Let’s visualize the difference between accumulated degree days the seasonal forecast vs historic daily averages make in the accumulation of degree days?

oakville_dd_comb_tbl <- oakville_dd_ssnfast_tbl |> 
  bind_rows(oakville_dd_histavg_tbl |> filter(period == "histavg"))

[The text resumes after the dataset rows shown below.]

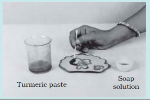 Turmeric is natural indicator which turns its color from yellow to red in basic solutions.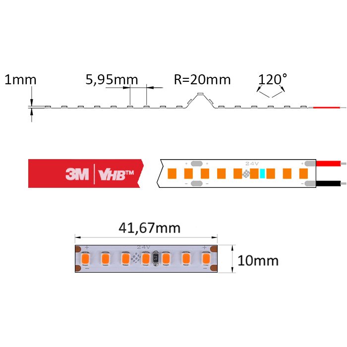 LED pásik oranžový 24V Lux Miners | 10W | 168LED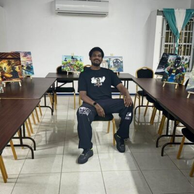 On November 12 and 13 the St. Eustatius Public Library hostedthe exhibition of a young Haitian painter, sculpture, and digital artist residing in the Netherlands, Frederick Calmes. The exhibition consists of twelve artworks created for the family heritage project “Remember Statia: Tracing Our Origins” organized by the Bigi Bon foundation and the St. Eustatius Afrikan Burial Ground Alliance from April to October 2024.

ggplot(oakville_dd_comb_tbl, mapping = aes(x = date, y = acc_dd_f, colour = period)) +
  geom_line() +
  ylab("degree days (F)") +
  xlab(NULL) +
  labs(title = "Accumulated Degree Days",
       subtitle = "CIMIS Station #077, Oakville. 2024",
       caption = "Sources:\nRecent past: CIMIS API\nShort-term forecast: Open-Meteo Weather Forecast\nSeasonal forecast: Long-term daily average, gridMet 1990-2020; Open-Meteo Seasonal Forecast") +
  theme(plot.caption = element_text(hjust = 0)) 

2.1 Compare the predictions

Let’s compare the predictions regarding the best window to till the soil:

till_yn <- function(x) {x >= 2358 & x <= 2817}

## OM Seasonal Forecast:
oakville_dd_ssnfast_tbl |> filter(till_yn(acc_dd_f)) |> pull(date) |> range()
[1] "2024-04-26" "2024-05-11"
## Long-term historic daily averages
oakville_dd_histavg_tbl |> filter(till_yn(acc_dd_f)) |> pull(date) |> range()
[1] "2024-04-26" "2024-05-11"


Not surprisingly - they’re the same!

3 CHALLENGE

Compare the predictions by the seasonal forecast and long-term daily averages regarding when adults are expected (3137-3447 accumulated degree days Fahrenheit). [Solution]

## Your answer here

4 END!

We now have all the code we need to make a Shiny app!